H33G-0922:
WRF-UCM Modeling of Urban Land-Atmosphere Interactions with a Focus on Landscape Irrigation in the Los Angeles Metropolitan Area
Wednesday, 17 December 2014
Pouya Vahmani, University of California Los Angeles, Los Angeles, CA, United States and Terri S Hogue, Colorado School of Mines, Civil and Environmental Engineering, Golden, CO, United States
Abstract:
Urbanization is a demographic trend worldwide. Urban irrigation can exceed natural precipitation and is an important component of the water cycle in water stressed cities. 14-30% of municipal water consumption in California is used for irrigation.

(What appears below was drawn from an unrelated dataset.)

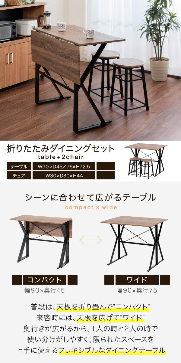 商品詳細 商品説明シーンに合わせて天板サイズを変更できるダイニングテーブルにイス2脚が付いたダイニング3点セット。
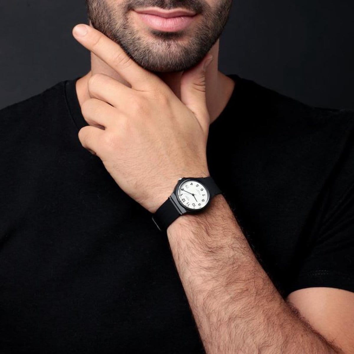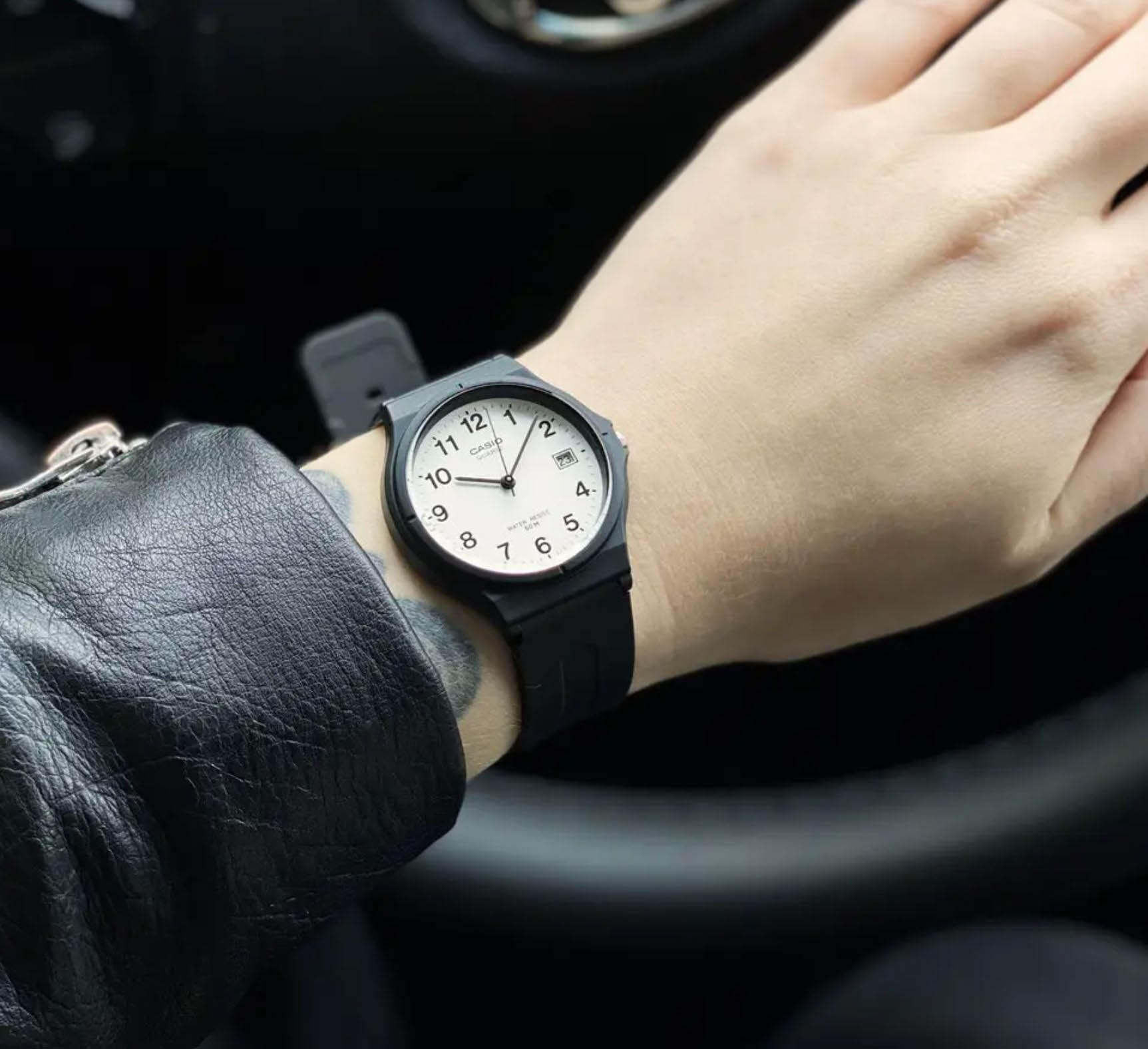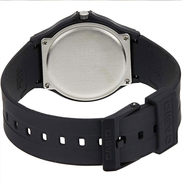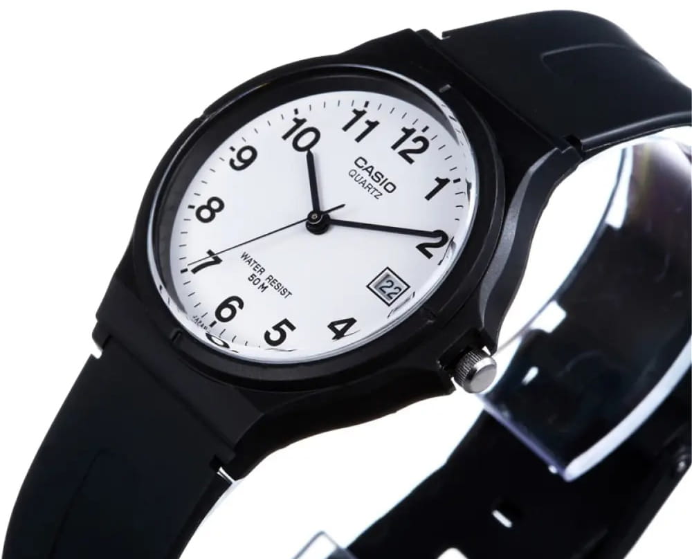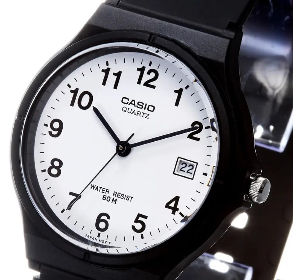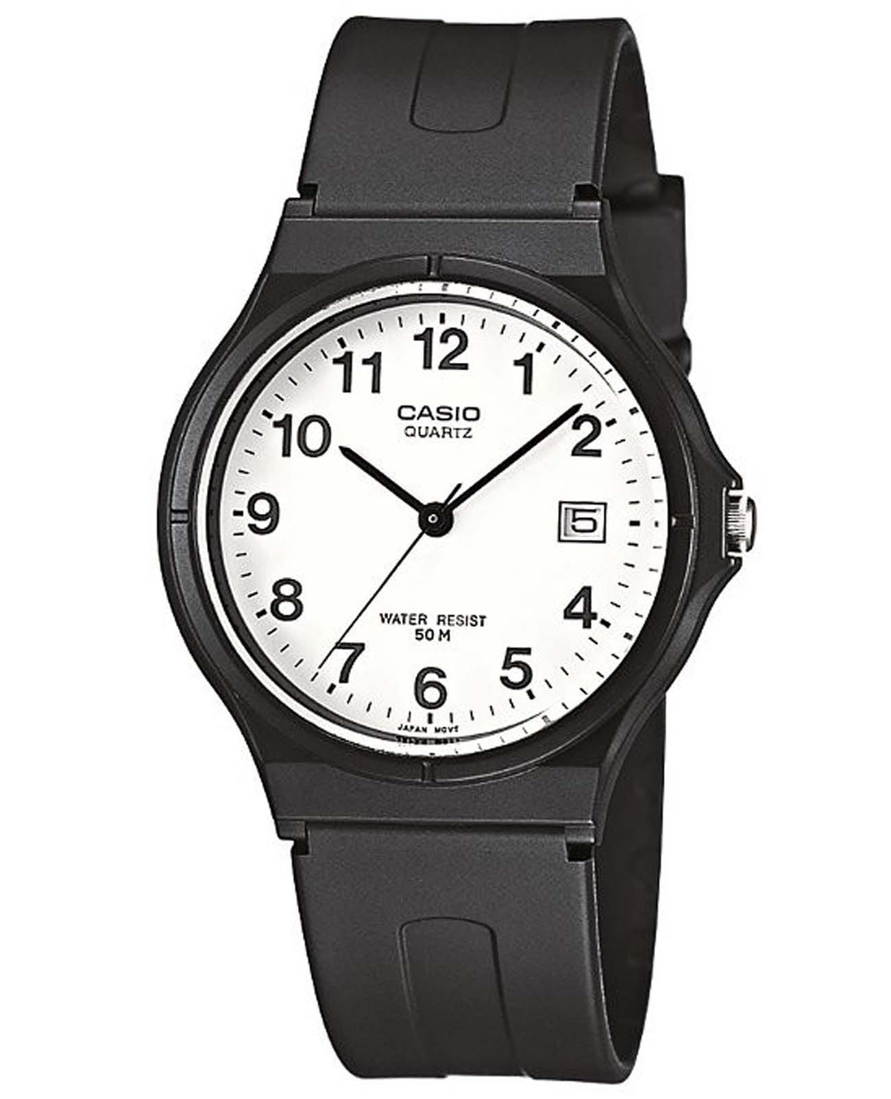 Японские мужские часы с органическим стеклом Casio Collection MW-59-7B, кварцевый механизм с высокой точностью. Класс водозащиты: 50 метров, позволит защитить корпус от случайных брызг или капель дождя. Корпус часов изготовлен из пластика. Пластиковый ремешок на стандартной застёжке. Окошко даты находится в положении 3 часа. Метки в виде арабских цифр.

Understanding and quantifying the potential influence of urban anthropogenic soil moisture contribution on local and regional hydrological cycle is an imperative step toward sustainable and better-managed water resources in water scarce regions. In the current study we address the impact and feedback of urban irrigation by integrating a developed irrigation scheme within the coupled framework of the WRF-UCM (Urban Canopy Model) over the Los Angeles metropolitan area at 1 km spatial resolution. We focus on the impacts of irrigation on the urban water cycle and atmospheric feedback during the summer period. Our results demonstrate a significant sensitivity of WRF-UCM simulated surface turbulent fluxes to the incorporation of irrigation. Introducing anthropogenic moisture, the vegetated pixels show increased latent heat fluxes and decreased sensible and ground heat fluxes confirming irrigation induced shift in the energy partitioning toward elevated latent heat fluxes. The evaluation of the model performance against ground-based reference evapotranspiration (ET) observations indicates that WRF-UCM, after adding irrigation, performs reasonably during the course of the simulation, tracking day to day variability of ET. In the absence of irrigation, simulated ET values are significantly underestimated. This is due to fact that soil moisture is the only source of water in the absence of significant precipitation. In the course of model spin up, the moisture sorted in the soil layers is consumed, resulting in considerable decreases in the latent heat fluxes. Evaluating the model outputs against MODIS based land surface temperature illustrates that this ET reduction leads to reduced cooling effects of urban vegetation, particularly over fully vegetated and low intensity residential pixels. Results indicate the importance of accurate representation of urban irrigation in water scarce regions. Moreover, it is found that the initial soil moisture level plays a key role in dampening the impacts of irrigation in urban domains and extended spin up is recommended.